RPGPGM.com notes that 21 years ago today, RPG IV (also known as RPG ILE) was released.

The first version of RPG IV came as part of OS400 V3R1, which was released on November 25 1994. Even though the code was still constrained by columns, the new Definition specifications (D-specs) was introduced, and I could now use variable names that were up to ten characters long. It also made it possible to use Date, Time, and Timestamp data types along with operations codes to be able to easily perform math with them. And I no longer had to use indicators for reads, chains, etc.

This makes me feel a bit old as I remember when RPG ILE was the next big thing. And, without much fanfare, it has continued to evolve — in many ways more rapidly than other, more popular languages. This is both RPG’s greatest strength and its greatest weakness.

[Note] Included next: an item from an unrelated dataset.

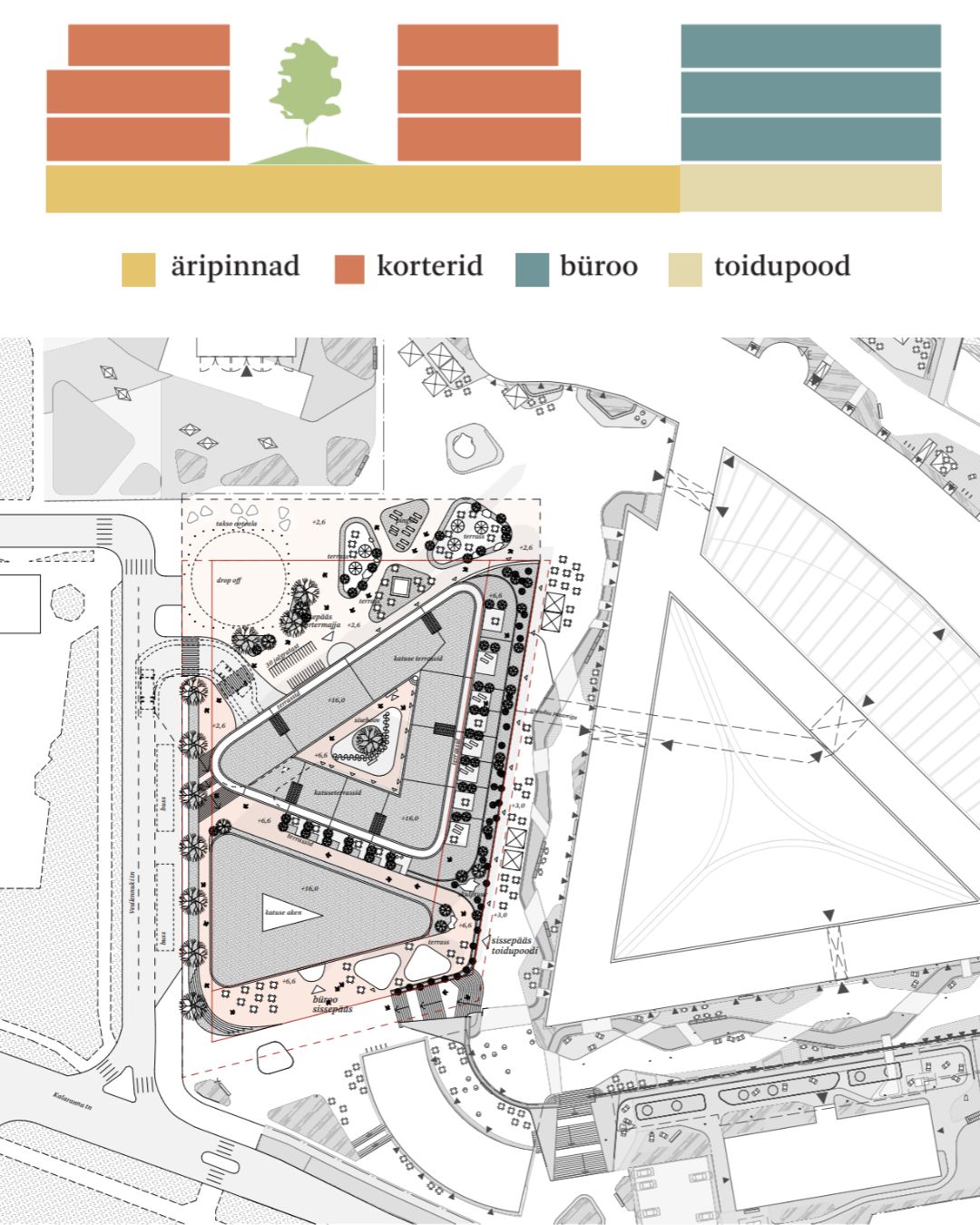 Kvartal koosneb kolmest erineva funktsiooniga hoonemahust: Kalaranna tänava poole suunatud büroohoone; mere ja korstna väljaku poole suunatud kortermaja ning vallikraavi ja korstnaväljaku poole suunatud poodium.

IBM have, over the years, put a great deal of effort into ensuring that, for all the new features, backward compatibility has never been broken. This means that if you are running an i on Power, you can upgrade as and when you are ready without having to worry about all of your applications breaking. There are not many reasons for not staying on a supported release, and fewer valid valid ones.

The downside of this is that there is nothing to force developers to take advantage of any of these new features. You could, if you wanted to, write programs in exactly the way you did 30 years ago. They would still compile, still run and still work as expected. And people do.

RPG today is in the somewhat unfortunate position of being a very modern language that is often perceived as being old fashioned. This is because it lets programmers get into a rut and never learn anything new.

I doubt that there is any way of squaring this particular circle. Backward compatibility is important and business critical applications shouldn’t be put at risk. But remember this: If someone claims that RPG is old, obsolete, or worse, the issue to which they are referring is not a technical one.